On this page we'll discuss an idea that costs you nothing, provides a possible overarching frame for your design ideas, and introduces a whole catalogue of questions to start off your thinking about where you want to go. The idea, borrowed from a style of sustainable living known as 'permaculture', is zonation.

In brief, it advocates that you divide your property into activity areas known as 'zones'. On a suburban lot you might have as many as five zones; but you can have fewer if that suits your circumstances better. Each zone harbours a main style of activity and a main kind of useful crop.

Zone 1 is the area you most often visit: the area near the entrances and exits you most commonly use, and any other areas, such as patios or decks, where you spend most time outdoors. These are your major relaxation and entertainment zones. Plantings in this zone will include the sorts of things you may want to snatch up at the last minute for the kitchen - herbs, salad plants, strawberries and tomatoes in season.

The second zone is slightly further removed from the house. It may include a grassed area for the children to play. In this area you can have perennial plants that require no more than occasional care, such as berrying canes (raspberries, currants) and perennial shrubs.

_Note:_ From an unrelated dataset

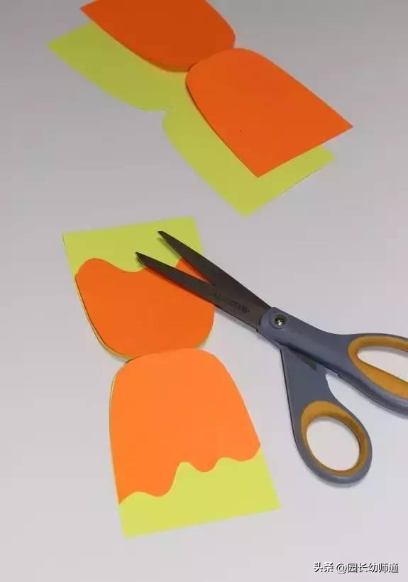 将两张彩色卡纸折叠后剪出冰糕的形状,选择其中一张两边剪成波浪形,创造滴水的效果

The third zone is, for those who like to produce food for themselves, the main production zone. Here there will be beds of brassicas (cabbage, kale, broccoli and others), potatoes and sweet potatoes, corn and other crops; and fruit trees such as apple, peach and pear. In this zone, too, there is the potential for cunningly designed pathways to suddenly reveal a 'secret' pocket of special delight: a hidden water feature, a blaze of spring or summer or fall color, or a carefully crafted sculpture. For families, the third zone can provide a place for children to work off energy in games of hide and seek or by using equipment such as swings, slides or trampolines.

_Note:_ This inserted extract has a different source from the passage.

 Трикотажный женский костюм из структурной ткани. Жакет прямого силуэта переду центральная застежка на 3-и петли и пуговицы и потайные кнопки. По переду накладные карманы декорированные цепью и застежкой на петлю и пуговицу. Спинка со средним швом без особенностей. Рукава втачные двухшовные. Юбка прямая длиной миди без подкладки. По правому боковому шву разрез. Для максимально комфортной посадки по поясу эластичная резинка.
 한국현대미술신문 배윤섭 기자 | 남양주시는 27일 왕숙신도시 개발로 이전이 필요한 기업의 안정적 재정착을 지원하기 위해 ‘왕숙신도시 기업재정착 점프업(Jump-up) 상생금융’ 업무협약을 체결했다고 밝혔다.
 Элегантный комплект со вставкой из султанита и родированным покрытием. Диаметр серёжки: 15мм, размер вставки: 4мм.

On many suburban lots a fourth zone may be possible. This will include plantings designed to attract birds to visit, or even take up residence, in your garden. Larger flowering trees such as magnolias or rhodendrons can be accommodated here. This zone can also include larger nut-bearing tress (walnuts, macadamias and the like). Keen vegetable gardeners can use screens of hedge or shrubbery to hide their composting bins. You could even, depending on local regulations, consider the merits of a small livestock unit - how does a freshly laid egg appeal?

The use of zones can make your available land appear bigger than it is. It helps to create flexible use of your yard and adds far greater interest than is possible in a monoculture of mown grass.